Whats happening here is that vamos sends the raw output of the program to stdout and then to your terminal emulator. There the interpretation happens: in a modern UTF-8 terminal the byte sequences are assigned differently that in latin-1 the Amiga uses.

So a workaround here is to change the charset in your terminal to latin-1.

Another more convenient solution is to perform a conversion in vamos of the 8-bit ANSI control chars to their 7-bit ESC notation that is understood by modern UTF8 terminals as well. However this needs some infrastructure in vamos namely a distinct console handler like output because the conversion should only applied on this path (and not e.g. for file output). Its on my feature list. I'll take this ticket to track the feature.

wepl commented 2 years ago

Some time ago I tried to find a terminal emulation which understands the Amiga escape sequences, but didn't succeed. A solution for this problem would be welcome.

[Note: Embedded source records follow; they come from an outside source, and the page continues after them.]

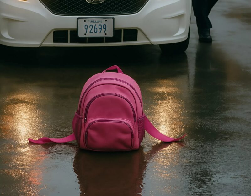 At an intersection, he noticed something strange — a little girl was standing completely alone in the middle of the road, motionless in the pouring rain, like a forgotten toy. Her thin shoulders were covered by a gray raincoat, and a small pink backpack hung from her back.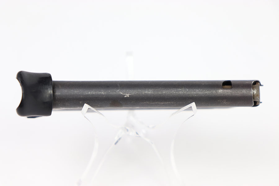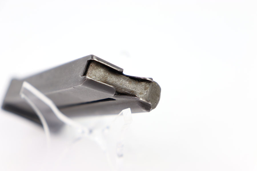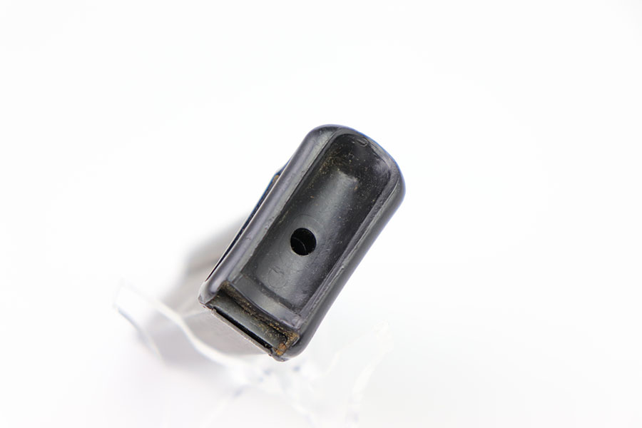 2/19/24 – This is an excellent example of a Wartime .22 Caliber Walther PPK Magazine with a finger extension. This magazine has a blued finish, slotted, full spring, and the thin lip finger extension. The original bluing on this magazine is in excellent condition other than some light edge wear, as seen in the photos. The black bakelite base is in excellent condition. Spring is smooth and fully functional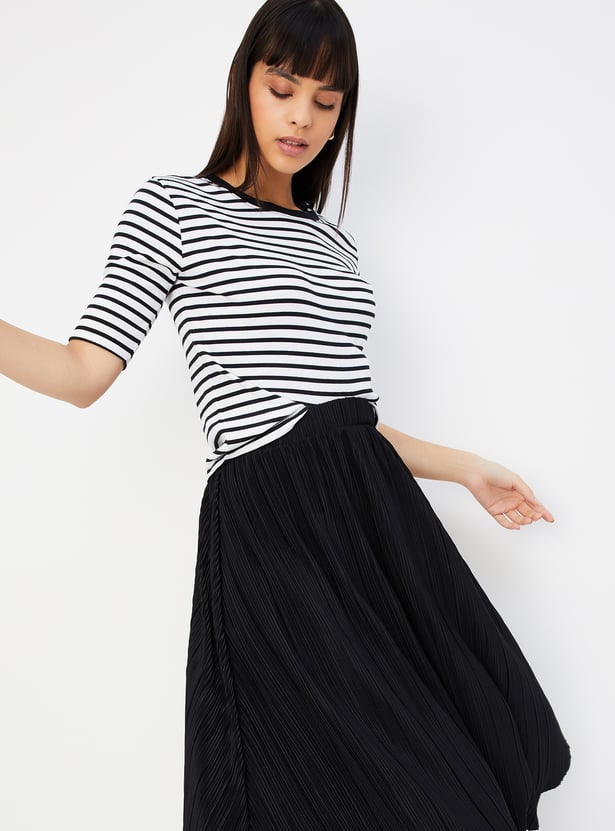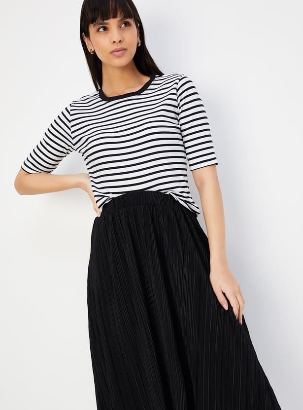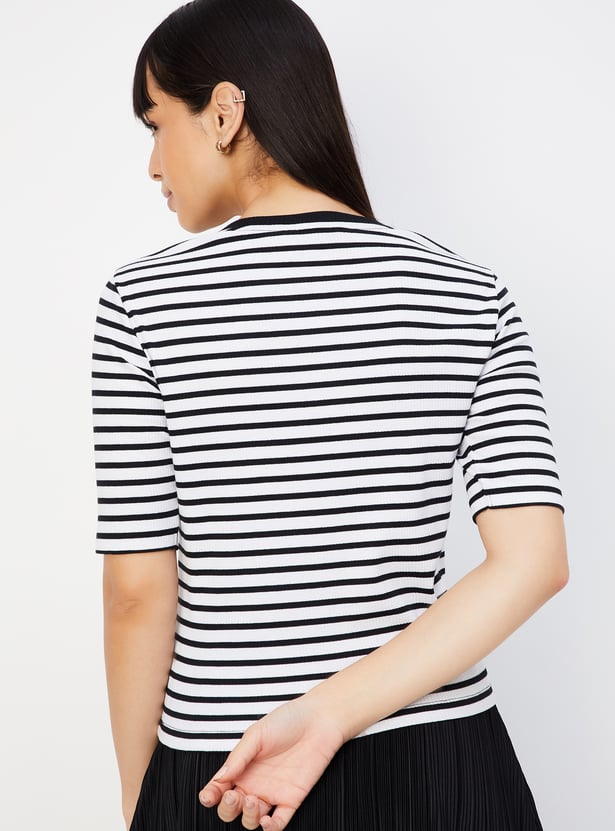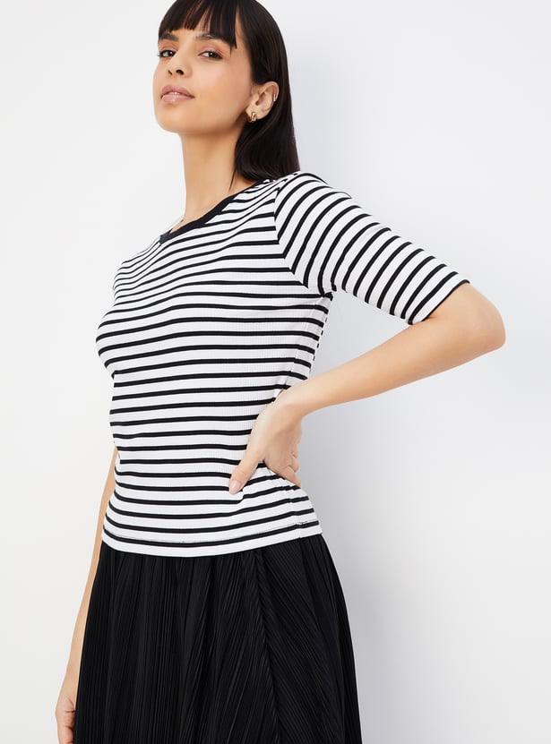 A perfect addition to your casual wardrobe, this T-shirt is updated with a striped pattern. It is designed with a round neckline and half sleeves.

reinauer commented 2 years ago

I can confirm that this is not a latin-1 issue. Well, I should say, switching both LANG and the GNOME terminal's encoding to iso8859-1 did not make a difference for these control characters.

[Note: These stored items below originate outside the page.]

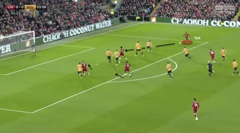 阿诺德阿诺德能从不同角度将球送入禁区——无论球是否处于移动状态,他的传中无比精准,准得不像一名边后卫。他在联赛和杯赛中场均完成7.12次传中,他不断地用传球考验对方的防守。他最常采用的模式是从右路禁区附近向禁区内送出高球传中(如下图所示)。萨拉赫停留在外围,而另外两名攻击手菲尔米诺、马内和维纳尔杜姆一起冲入禁区伺机抢点。尽管利物浦并没有一名高前锋,但在传中送出的那一刹那,利物浦的前锋们在禁区内都有着很好的位置感,能准确找到大部分传中的落点。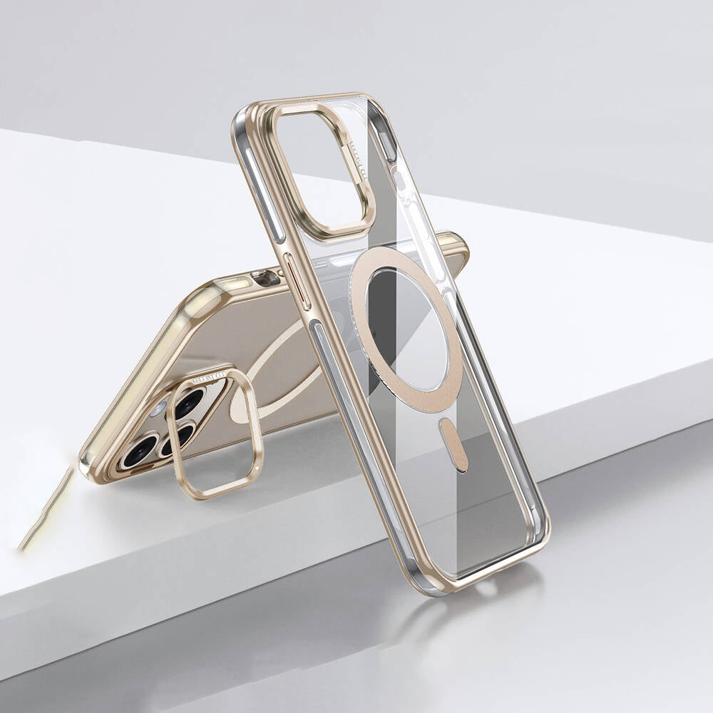 Apple iPhone 14 Pro Max Kılıf M-safe Şarj Özellikli Wlons Standlı Efsane Kapak Gold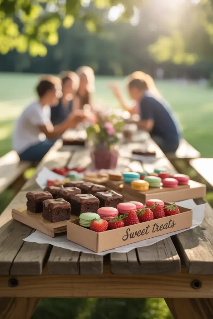 Sweet treats always add a joyful ending to any gathering without needing complicated preparation. Pack cookies, brownies, cupcakes, or sliced fruit that are easy to share. Bite-sized desserts feel casual and fun, allowing guests to snack while chatting or relaxing on blankets. Presentation can stay simple using paper boxes or small containers that travel well. Sharing desserts creates cheerful moments and often becomes the highlight of the picnic, bringing smiles and lighthearted conversations that make weekends feel extra special.

I had tried something like this, but it didn't make a difference either:

diff --git a/amitools/vamos/filter.py b/amitools/vamos/filter.py
new file mode 100644
index 0000000..550790f
--- /dev/null
+++ b/amitools/vamos/filter.py
@@ -0,0 +1,20 @@
+class AmigaIOFilter(object):
+       def __init__(self, stream):
+               self.strings_to_filter = [ '\x9bK', '\x9bL', '\x9bF' ]
+               self.stream = stream
+
+       def __getattr__(self, attr_name):
+               return getattr(self.stream, attr_name)
+
+       def write(self, data):
+               for string in self.strings_to_filter:
+                       data.replace(string, "**")
+                       data.append("***")
+                       # data = re.sub(r'\b{0}\b'.format(string), '*' * len(string), data)
+
+               self.stream.write(data)
+               self.stream.flush()
+
+       def flush(self):
+               self.stream.flush()
+
diff --git a/amitools/vamos/main.py b/amitools/vamos/main.py
index 3eed36b..a8ff9af 100644
--- a/amitools/vamos/main.py
+++ b/amitools/vamos/main.py
@@ -1,7 +1,9 @@
 import cProfile
 import io
 import pstats
+import sys

+from .filter import AmigaIOFilter
 from .cfg import VamosMainParser
 from .machine import Machine, MemoryMap
 from .machine.regs import REG_D0
@@ -29,6 +31,10 @@ def main(cfg_files=None, args=None, cfg_dict=None, profile=False):
     if an internal error occurred then return:
       RET_CODE_CONFIG_ERROR (1000): config error
     """
+
+    sys.stdout = AmigaIOFilter(sys.stdout)
+    sys.stderr = AmigaIOFilter(sys.stderr)
+
     # --- parse config ---
     mp = VamosMainParser()
     if not mp.parse(cfg_files, args, cfg_dict):
cnvogelg commented 2 years ago

The above approach wouldn't work since sys.stdout is the text stream with encoding (that defaults to utf-8). You have to adapt the underlying raw stream.

But to validate the initial assumption, lets try this:

Create a short sample text with both normal esc and cs0 codes:

$ echo -e '\x1b[31mhello\x1b[0m world' > color1.txt
$ echo -e '\x9b31mhello\x9b0m world' > color2.txt
$ xxd color1.txt
00000000: 1b5b 3331 6d68 656c 6c6f 1b5b 306d 2077  .[31mhello.[0m w
00000010: 6f72 6c64 0a                             orld.
$ xdd color2.txt
00000000: 9b33 316d 6865 6c6c 6f9b 306d 2077 6f72  .31mhello.0m wor
00000010: 6c64 0a                                  ld.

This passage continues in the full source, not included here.